If reports are to be believed, BlaBlaCar has already being running a trial test with Ouibus for the last half a year on popular corridors. As French state railways & bus operator SNCF (parent company of Ouibus) is more than willing to let BlaBlaCar run its subsidiary from on, it is pretty clear that both the companies seem happy with the test results.
In an attempt to extend its mobility services, BlaBlaCar has also announced a EUR 101 million (USD 114 million) investment from the SNCF and other existing BlaBlaCar investors. It further claims that the French startup till now has successfully built a long-distance car-pooling community of more than 65 million members in over 22 countries. The startup now is clearly a marketplace for road travel and has moreover helped over 50 million worldwide passengers to transport, while registering a y-o-y growth of 40%.

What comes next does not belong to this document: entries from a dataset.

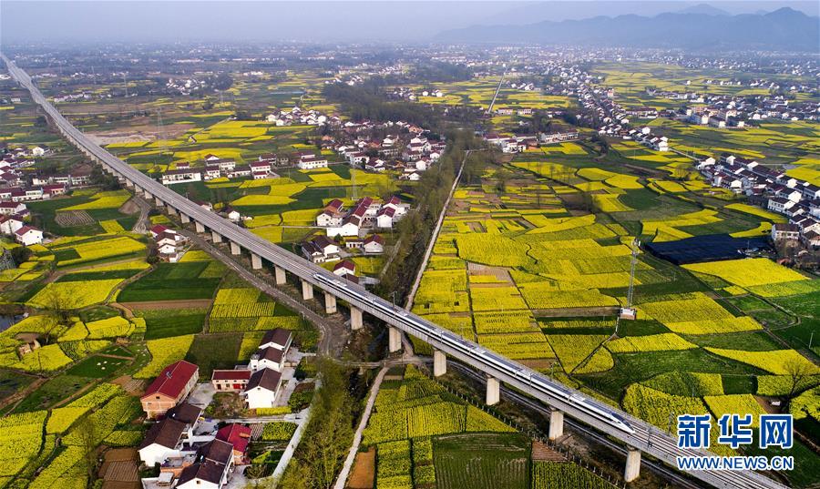 3月21日,一列動(dòng)車正通過陜西省漢中市南鄭縣新集鎮(zhèn)油菜花海(無人機(jī)拍攝)。新華社記者陶明攝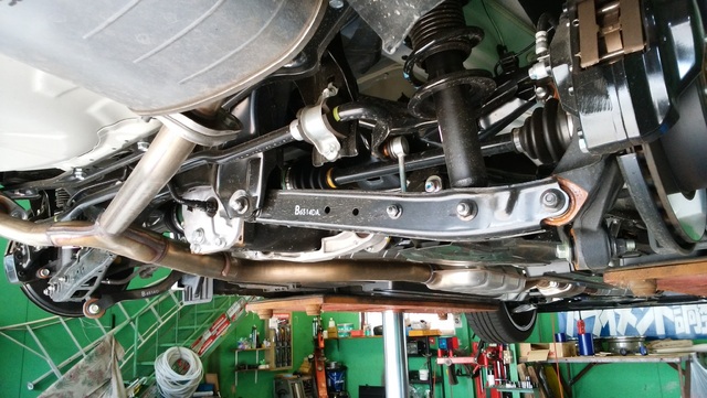 取り付けしました。(この後リフトから降ろすと前下がり過ぎたので、ここからもう少しリヤを下げました)
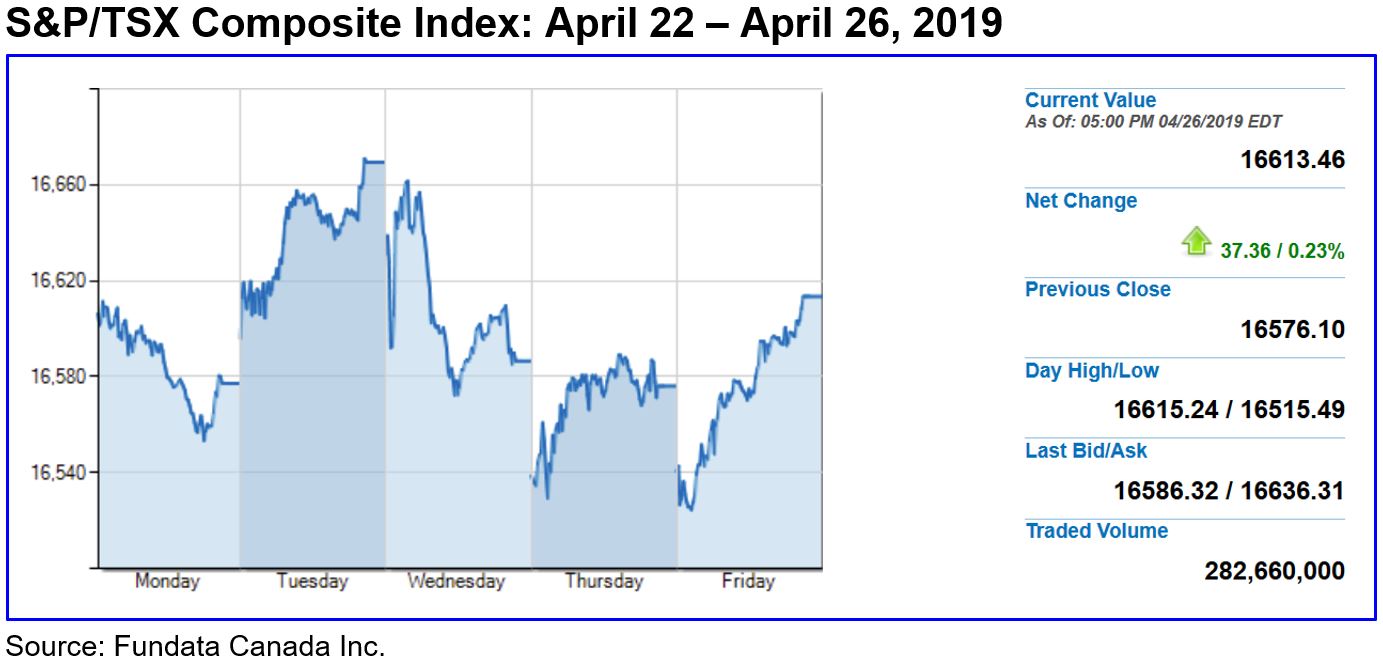 A higher-than-expected reading on U.S. economic growth in the first quarter helped buoy U.S. stock indices to solid weekly gains, with both the blue-chip S&P 500 Composite Index and the Nasdaq Composite Index registering record-setting highs at Friday’s close. This despite softer earnings reports from Dow components Intel Inc. (NASDAQ: INTC) and Exxon Mobil Corp. (NYSE: XOM). The S&P 500 gained 1.2% on the week, while the Nasdaq gained 1.9% and is ahead 23% year to date. Against a backdrop of softening crude oil prices, which dropped 1.9% on the week, Toronto’s S&P/TSX Composite Index broke even week-over-week, as the Bank of Canada gave a downbeat forecast on its economic outlook, kept its target overnight rate on hold at 1.75%, and announced that it is abandoning its rate-hike bias.
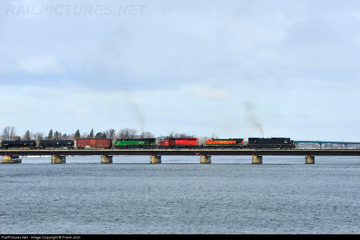 Bound for the Irving Refinery at Saint John N.B, Montreal Maine & Atlantic `fuel train`` heads toward Farnham as it rumbles across the Richelieu River.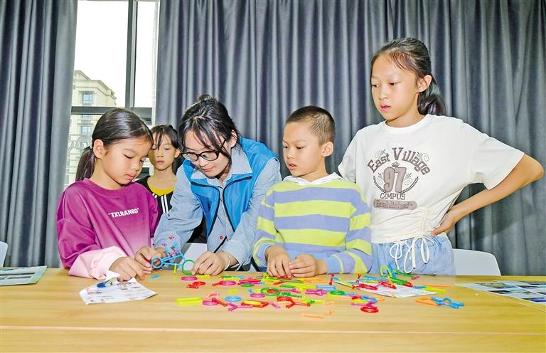 圖為圖書館志愿者與小讀者一起組裝積木。記者 潘多 攝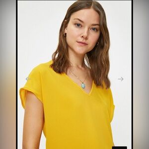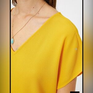 Brighten your wardrobe with this vibrant yellow V-neck top. Never worn. In brand new condition.
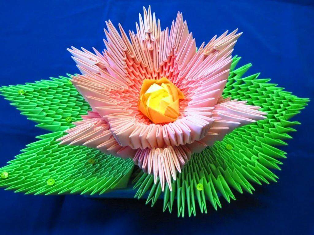 Модульный лотос из треугольников собирается немного сложнее, но при этом он получится более объёмным и изящным. Заранее нужно заготовить 878 модулей: жёлтых и зелёных по 294, ярко-зелёных – 140 и розовых – 150.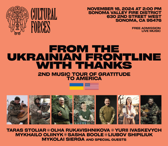 The concert is hosted by Sonoma Fire Department Chief Steve Acre. It is part of the gratitude tour of Ukraine to the United States to express thanks for all the support provided to Ukraine during the war, including the gift to Sonoma of an ambulance recently donated to Sonoma’s sister city Kaniv, by The City of Sonoma and the Sonoma Fire Department.
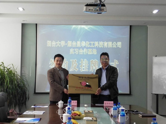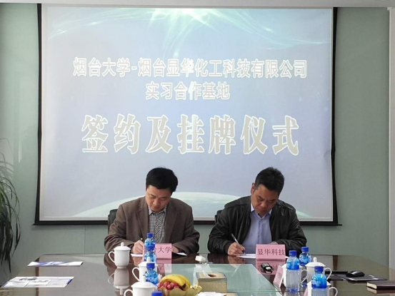 实习基地协议签订及挂牌仪式在烟台显华化工科技有限公司总部进行,副院长李文佐代表绿帽社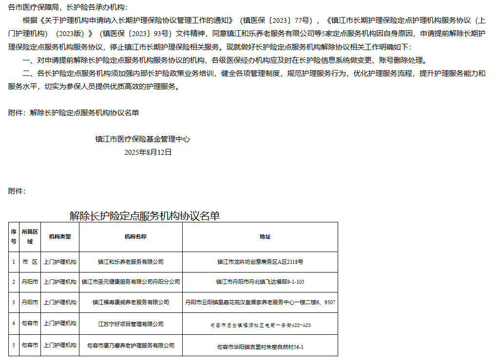 【鎮(zhèn)江】關(guān)于鎮(zhèn)江市長(zhǎng)期護(hù)理保險(xiǎn)定點(diǎn)服務(wù)機(jī)構(gòu)解除協(xié)議的公告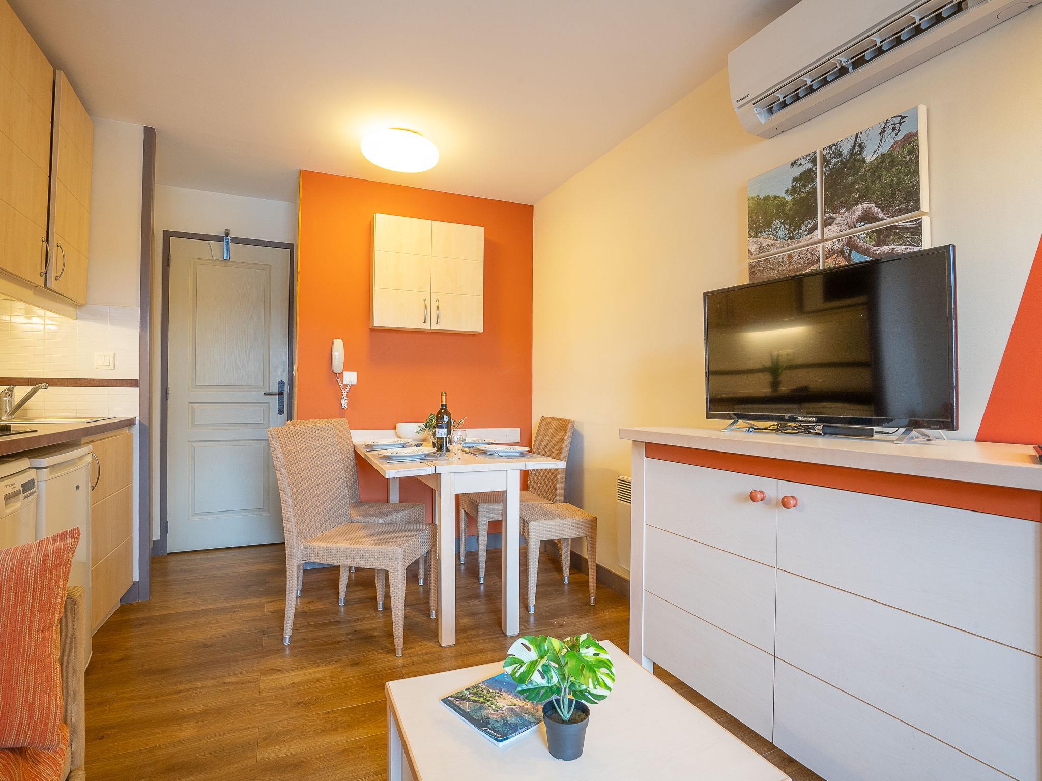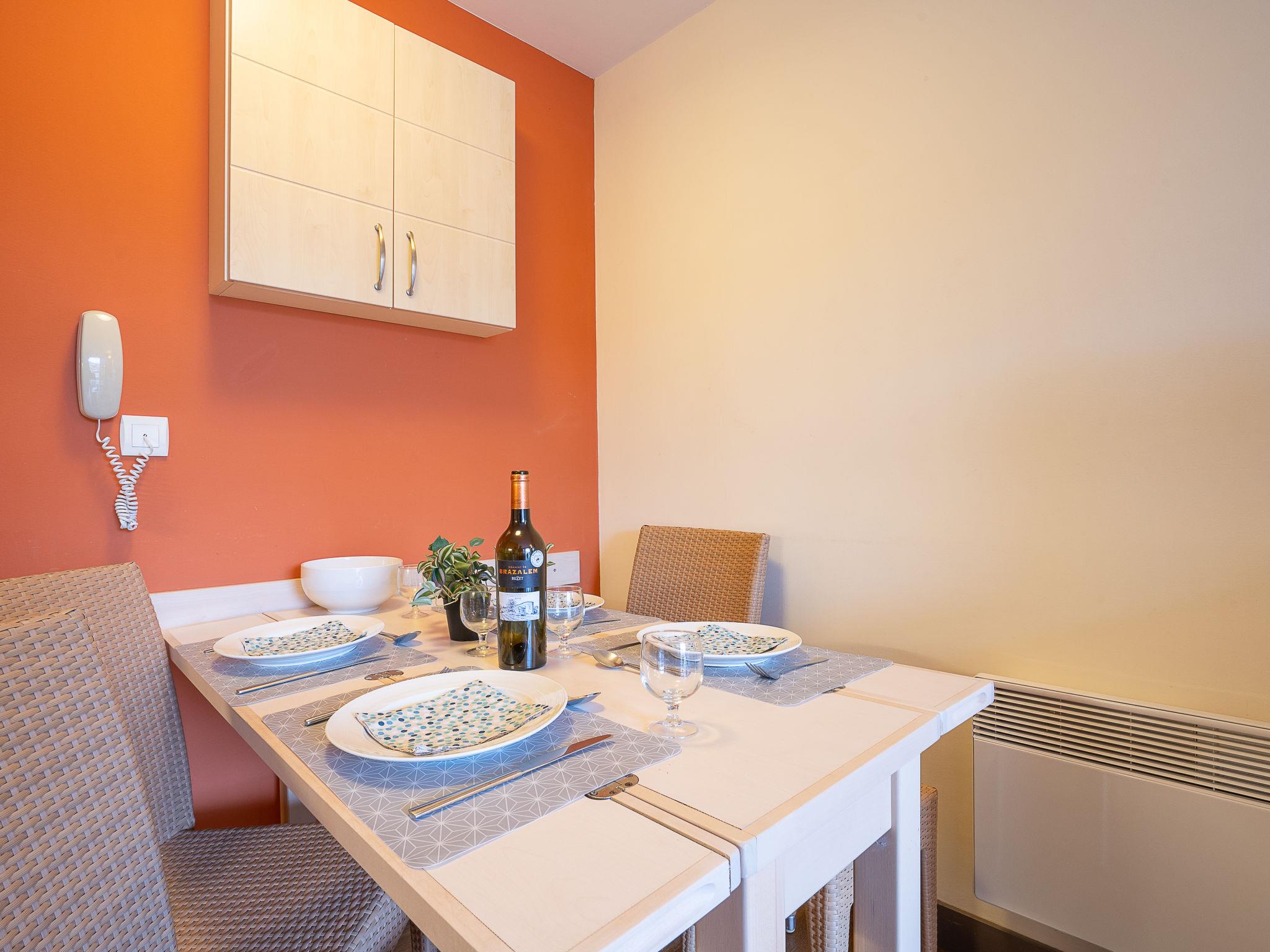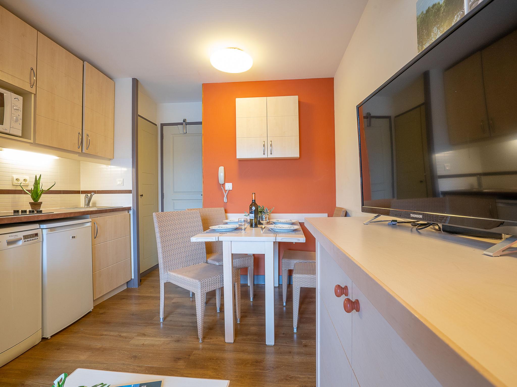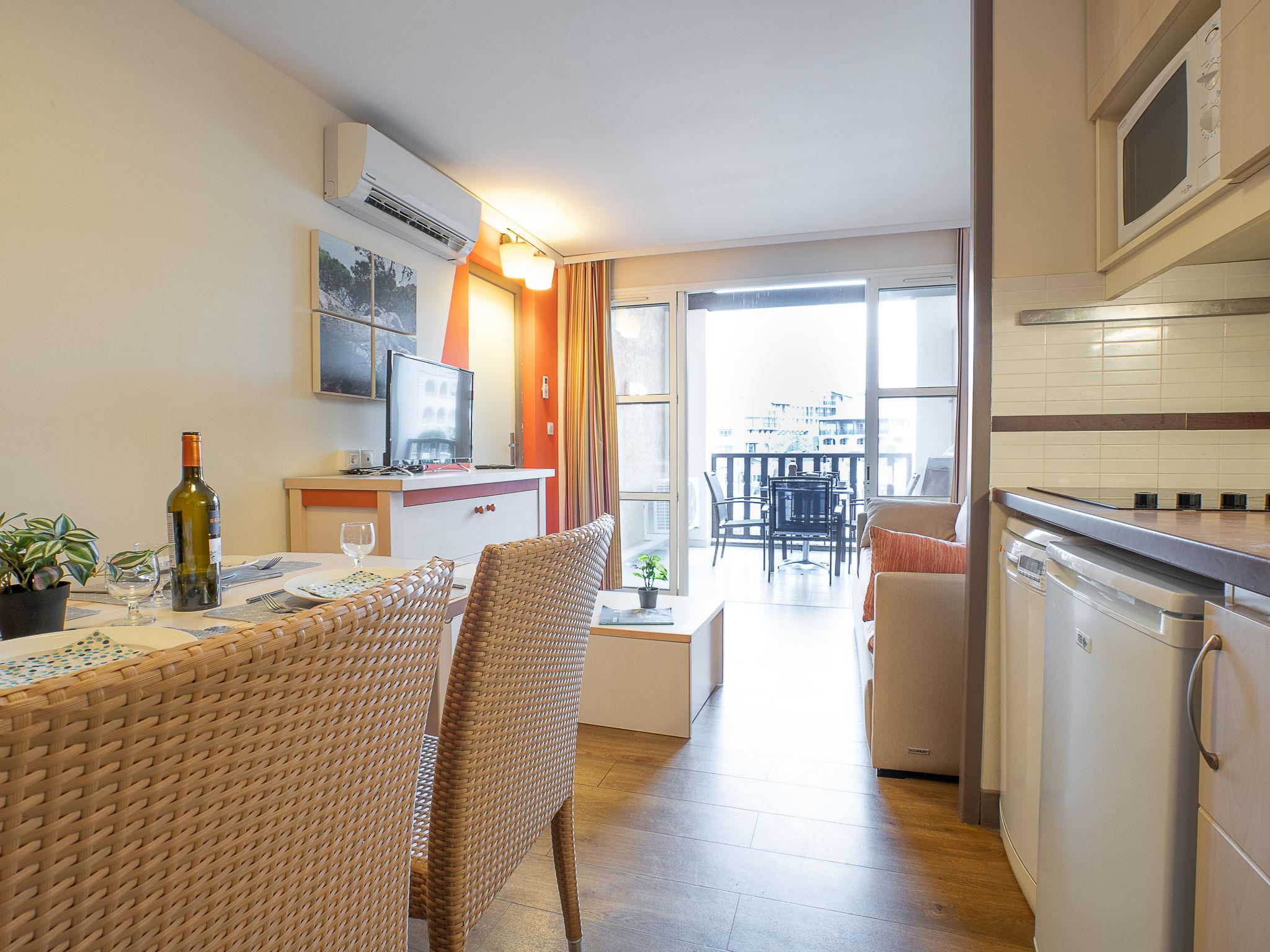"Le Village (B1 419)", 1-room studio 23 m2 on 2nd floor. Object suitable for 2 adults + 2 children. Living room with 1 sofabed (140 cm, length 190 cm), TV (flat screen), air conditioning. Exit to the terrace. Sleeping alcove with 1 x 2 bunk beds (80 cm, length 190 cm). Kitchenette (4 hot plates, dishwasher, toaster, kettle, electric coffee machine, combination microwave). Bathroom, sep. WC. Electric heating. Terrace 8 m2. Terrace furniture. Facilities: Internet (WiFi, extra). Parking space n 2333 (roofed, 1 car), height 180 cm. Please note: non-smokers only. Maximum 1 small pet/ dog allowed. Smoke alarm. Instead of an enclosed bedroom, some sleeping areas are located in an open-plan area (gallery, alcove, etc.). Offer by a private individual according to Art. 155, IV of CGI. 118R03670A

If industry experts are to be believed, BlaBlaCar is taking a calculated risk with the acquisition, as Ouibus, in the recent years has been relentlessly losing money. Similar to other major bus companies, Ouibus also used to rely mainly on contractors, which signifies that BlaBlaCar could quickly adjust the offering. The proceeds are also said to depend on product integrations of SNCF, BlaBlaCar, and other platforms.
In the coming months, the users can find ride sharing offers on OUI.sncf.